Anyway–At that time, I still had my job.  And my world had not yet started to unravel.

So as I sat there, I listened to nurse’s talk calmly about not having jobs like they broke a fingernail, or how they were sitting back–waiting on God’s timing. I remember thinking the other nurses just “needed a plan” like me.

All the way around the room, those other drug addicts we  shared where we were in our life. Some of the nurses had been there one, two and five years down the road from their initial meeting, so they spoke of how they found jobs they now loved, and some even changed careers.

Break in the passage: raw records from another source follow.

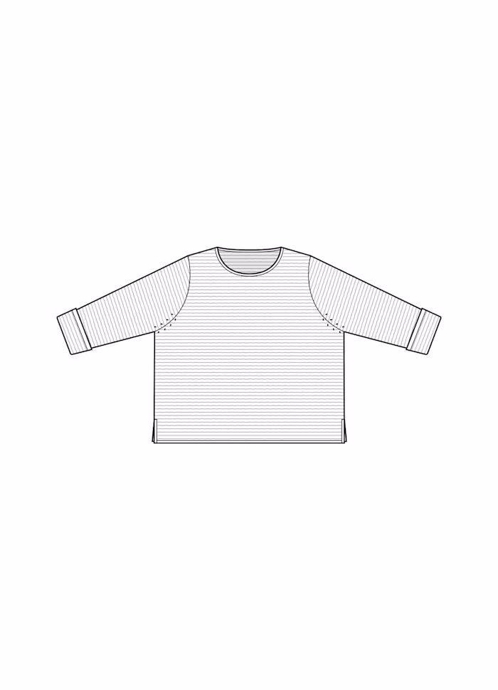 Tröjan har vikta ärmslut, och slitsar i sidosömmarna.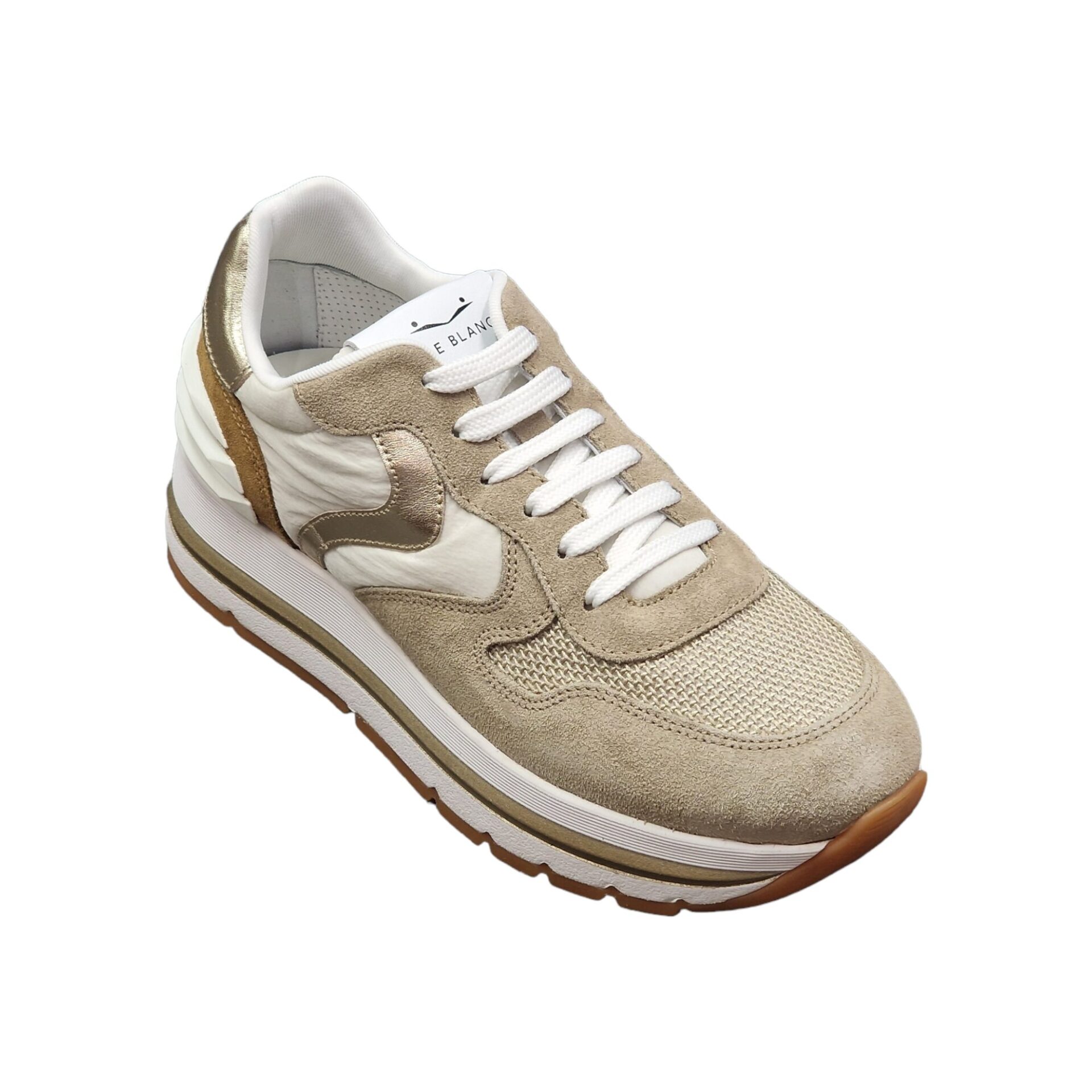 SCARPE STRINGATE “Sneakers Maran Power” IN CAMOSCIO E PELLE BIANCO/BEIGE FONDO GOMMA
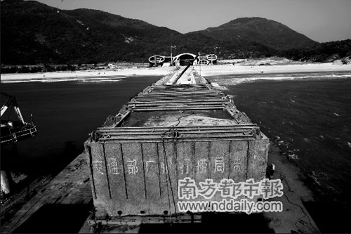 昨日下午5时,临时码头的警戒线范围不断扩大,延伸到距离岸边200米的位置。冯绍文带着几名水晶宫的施工人员打算到驳船上了解情况,但被一名带袖标的打捞人员拒绝。冯绍文只好站在码头边,望着百米外的沉箱。
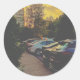 Capture the stillness of evening with this round customisable sticker featuring a softly lit city lane at twilight. Trees in silhouette, glowing rooftops, and a golden sky fading into dusk—this scene is a quiet invitation to pause. Its darker tones and moody composition bring emotional depth to every application, making it ideal for elegant product packaging, seasonal mailings, and atmospheric branding.
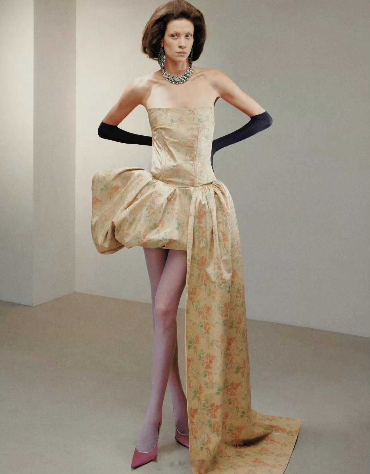 杨紫穿的衣服设计灵感来自于迪丽热巴,有趣的是,今天杨紫VOGUE首张封面热度出来后,品牌方编辑掉了这句话
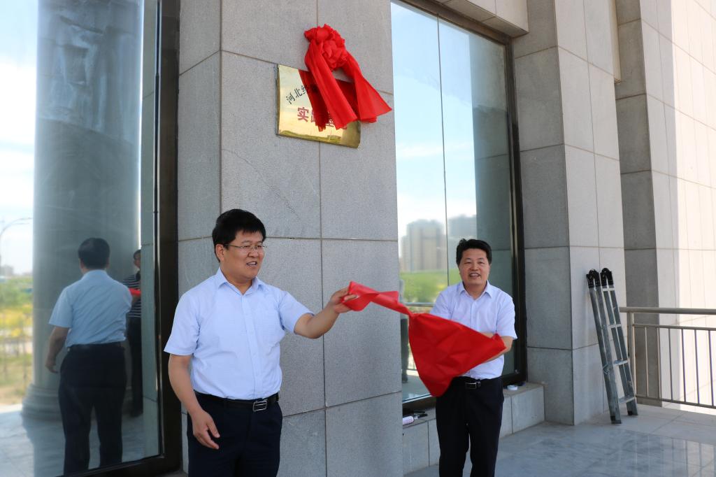 5月30日上午,Beat365中文官方网站与海兴县人民法院共建教育实践基地揭牌仪式在海兴法院隆重举行。Beat365中文官方网站院长王利军、沧州市中级人民法院党组成员、政治处主任段辉军,中共海兴县委副书记刘明亮,中共海兴县委常委、纪委书记、监委主任王亚平,海兴县检察院检察长刘金生,海兴县公安局局长卢万顺,海兴法院党组书记、院长黄坤生以及海兴法院领导班子成员和全体干警参加了仪式。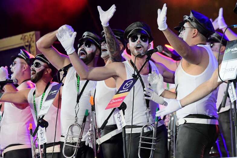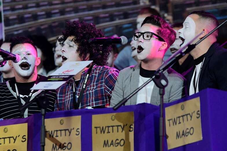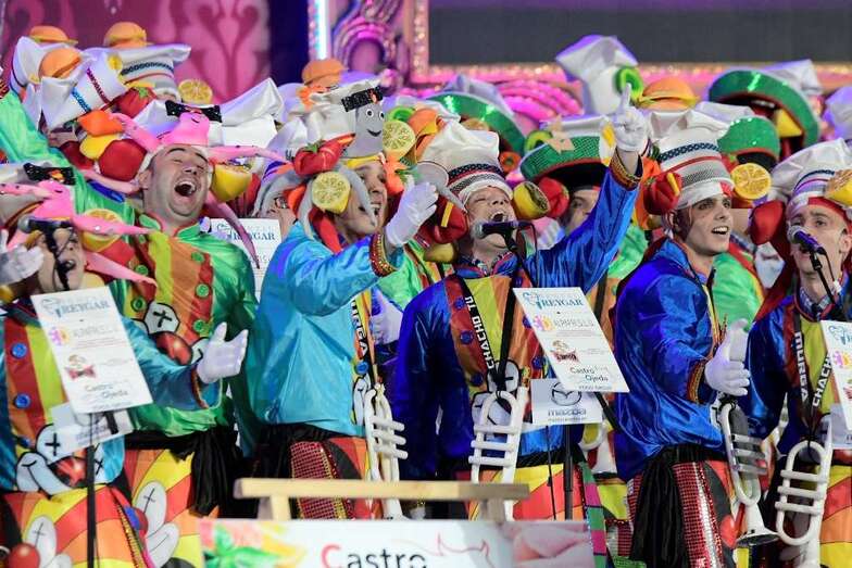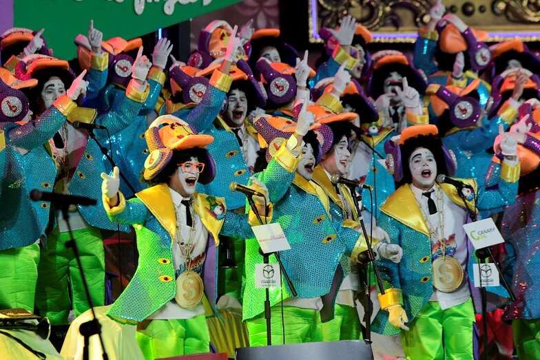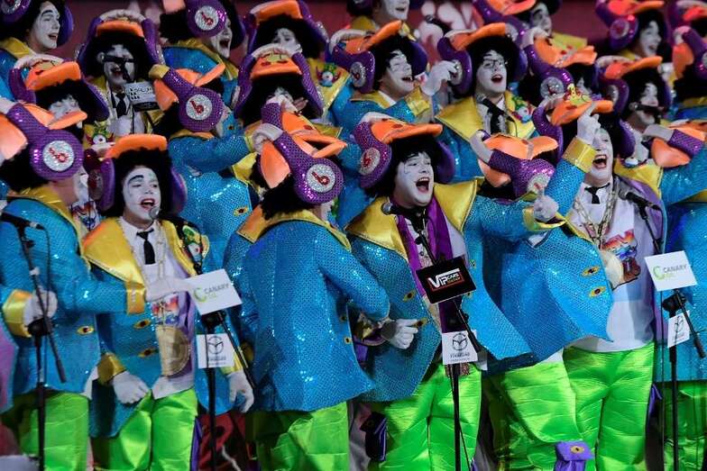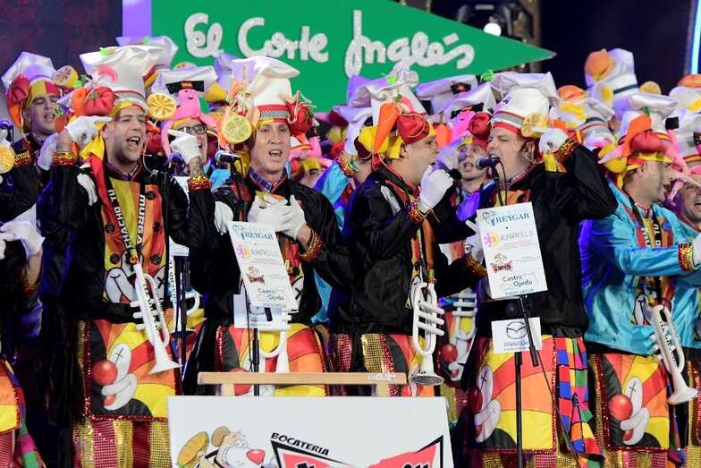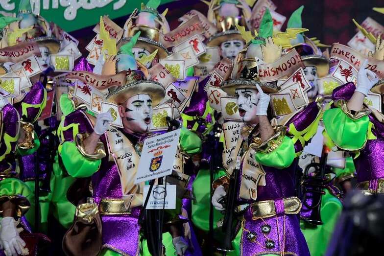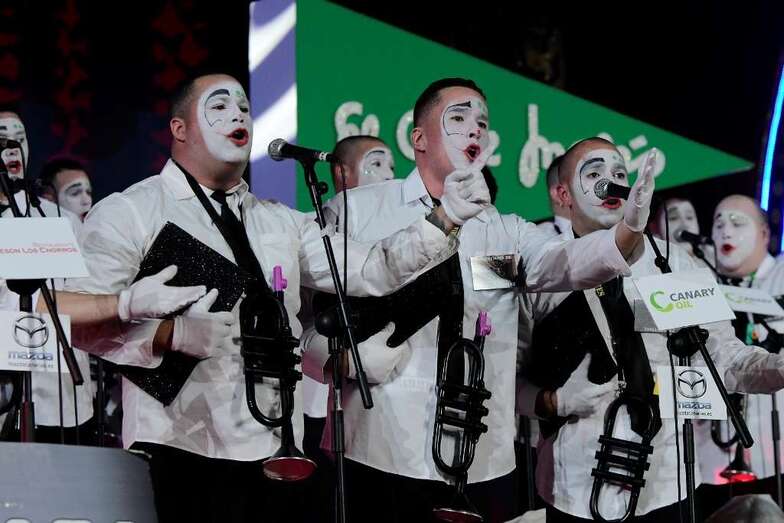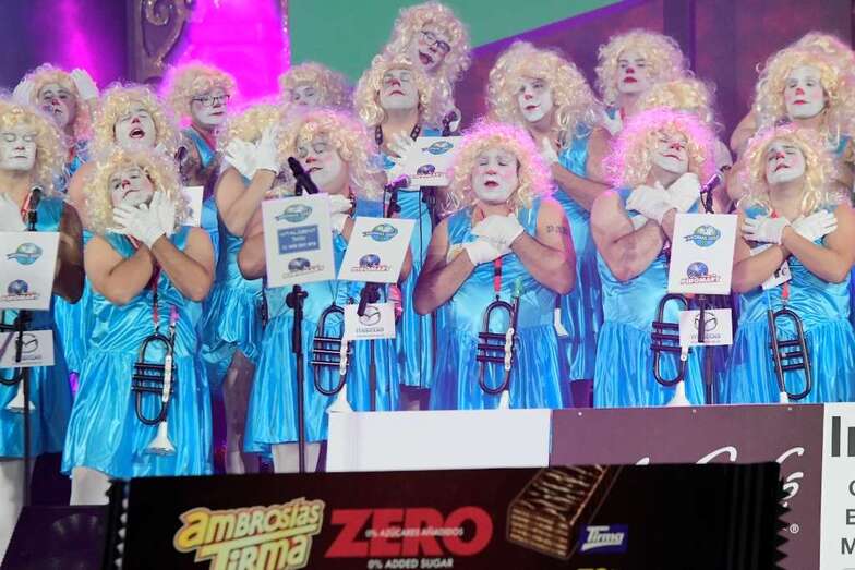 Los Nietos de Sary Mánchez, Los Twitty’s, Los Chacho Tú, Las Crazy Trotas -la única murga femenina finalista-, Los Chismosos, Los Trapasones, Los Serenquenquenes y Los Chancletas fueron introducidos por Daniel Calero que tarareó las introducciones de los grupos y puso rostro a un certamen que volvió a ser una de las tendencias principales a nivel estatal en Twitter.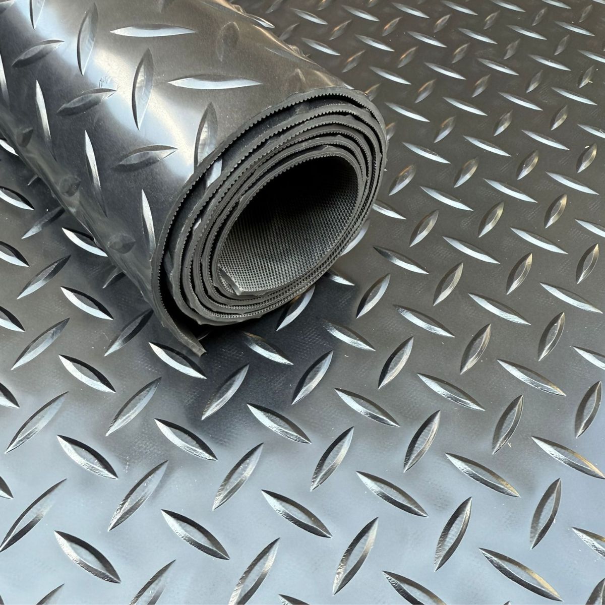 Crafted from premium 3mm thick PVC, this vinyl matting features a distinctive large diamond/checker plate pattern that delivers superior grip and traction, even in wet or high-traffic conditions. The raised diamond tread design not only provides exceptional safety but also adds a professional, industrial aesthetic to your space.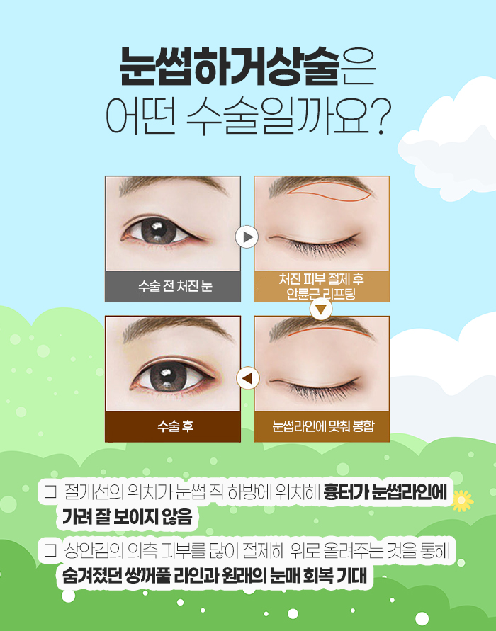 눈썹이 내려와도 눈과 눈섭 사이의 거리가 어느 정도 확보될 수 있다면 기존의 눈매를 변형시키지 않고 처진 피부를 절제하는 눈썹하거상술을 통해 도움을 받을 수 있고, 눈과 눈썹 사이가 너무 가까운 경우에는 주름과 탄력을 자연스럽게 개선하는데 도움을 주는 이마눈썹거상술을 적합니다.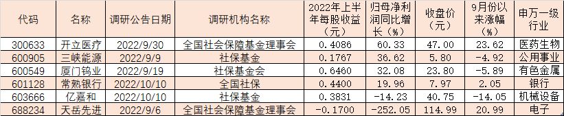 表:9月份以來截至10月12日獲社?;鹫{(diào)研的公司一覽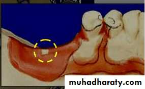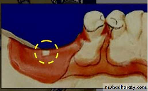 1-Beneath lingual bar connectors or the bar portion of the linguoplates concerning the relative slope of the alveolar ridge.2-Areas in which major connectors will contact thin tissue, such as hard areas so frequently found on lingual or mandibular ridges and elevated palatal raphes and tori.
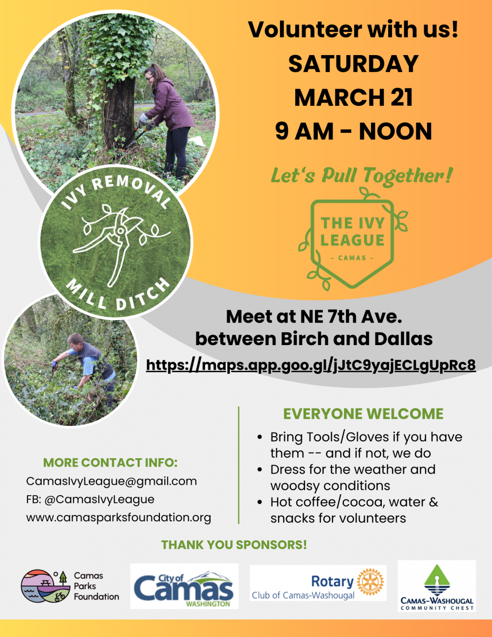 Additional Upcoming events -- Camas Ivy League & (invasive species removal partners)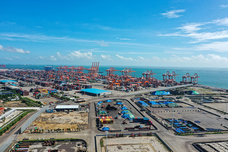 這是2022年8月27日拍攝的位于平陸運(yùn)河出??诟浇谋辈繛掣蹥J州港區(qū)大欖坪作業(yè)區(qū)(無(wú)人機(jī)照片)。新華社記者 曹祎銘 攝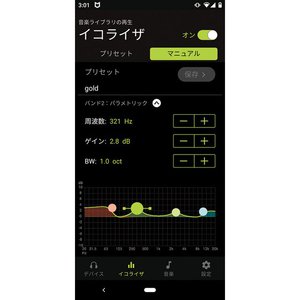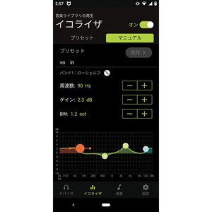 一般的な完全ワイヤレスイヤホンのアプリには、周波数帯域が固定されるグラフィックイコライザーが採用されていたり、「ロック」や「ジャズ」など、音楽ジャンルで選ぶタイプのものだったりが多い。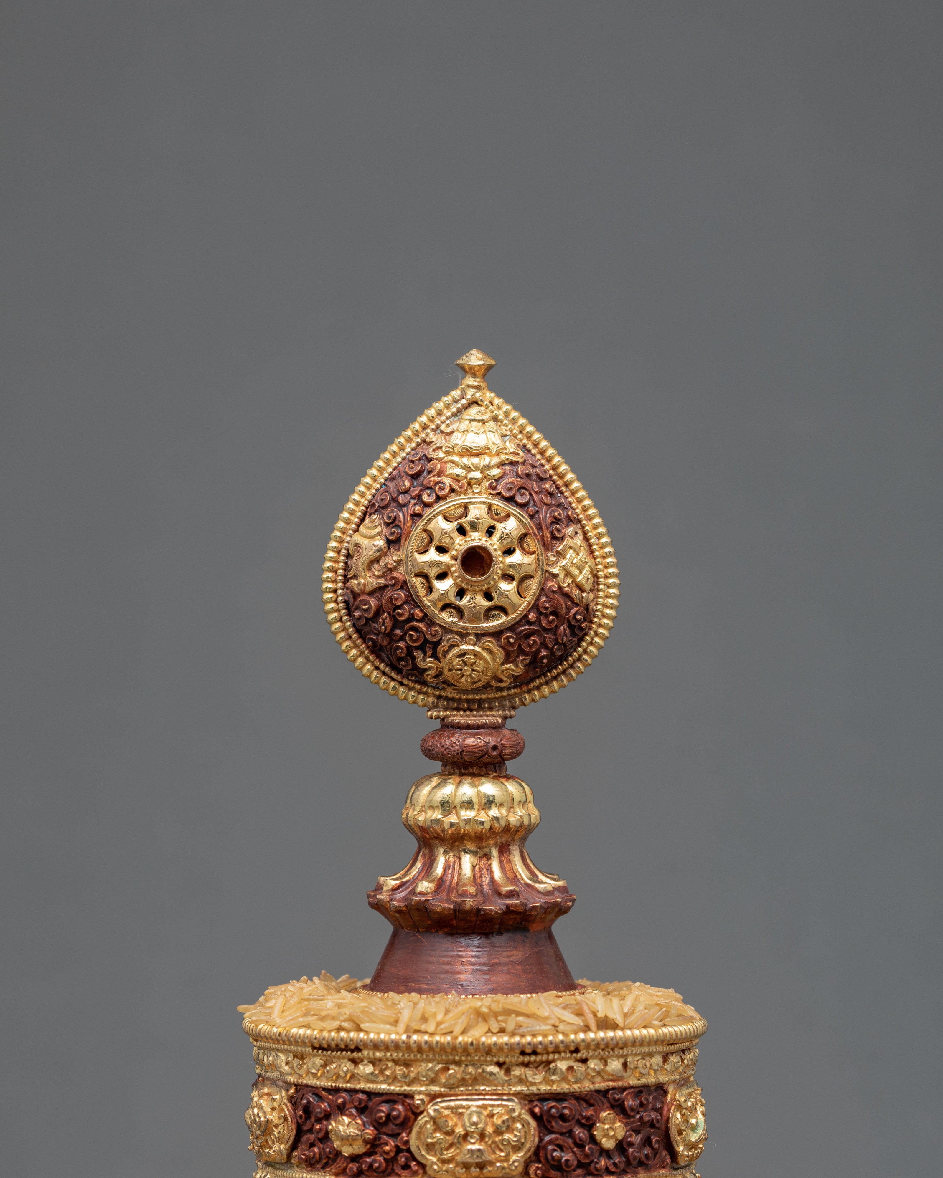 The higher the value of the offerings, the higher degree of merit one will achieve. Also, the higher the quality of one’s visualizations during the meditation will bring about greater merit. Once the mandala set is filled, one may raise the entire piece over his or her head, symbolizing their willingness to sacrifice the entirety of existence in order to aid others in attaining enlightenment. Through this sacrifice, one will gain both wisdom and merit. At the end of practice, one should visualize benevolent deities transforming into a white light and entering the soul of the practitioner.

Others downsized their way of life and others found peace with God.

Then my turn came and I pulled out my “list” (I believe I heard a snicker around the room as if they had seen this scenario before) and I began discussing what all I had done. First, I attended meetings, saw my doctor, told my boss and all is well. The room became very quiet. I heard the word “Newbie” come from somewhere.  At last, my advocate (she too is a recovering nurse that liaisons to the nursing board for us) spoke up and said, “First, you will have to quit your job. The nursing board will not allow you to work around narcotics in your job.”

My world started spinning. And I remember thinking this will not happen. I am not quitting. This job was all I knew. I had done this work for so long that I didn’t know what else I was going to do. I could feel myself start to hyperventilate. The other nurses that had previously snickered now saw my pain. They knew what it was like to be new and have your world suddenly turn upside down. This group had once been new to the journey not so long ago.  In their compassion, they started to console me as best they could but the tears broke loose no matter how hard I tried to conceal them. Little by little, my to-do list chiseled away to nothing.

Why was I being punished? Was I singled out to suffer this thorn in the flesh like Paul? (2 Corinthians 12:7) Why this one? Can I choose another one God? I remember saying those very words to God.

Oh yes, I do understand the consequences of my behavior and that isn’t what I am asking. Why this struggle?

The truth is in the beginning, I wanted my life back before the drugs. But now, I don’t ever want to go to the life I had before or during my time with drugs. For God has something much bigger in my life.

I have to learn to live life on life’s terms.

Just as with any journey, it requires a certain degree of travel on bumpy and treacherous roads.

I just have to learn which path to follow.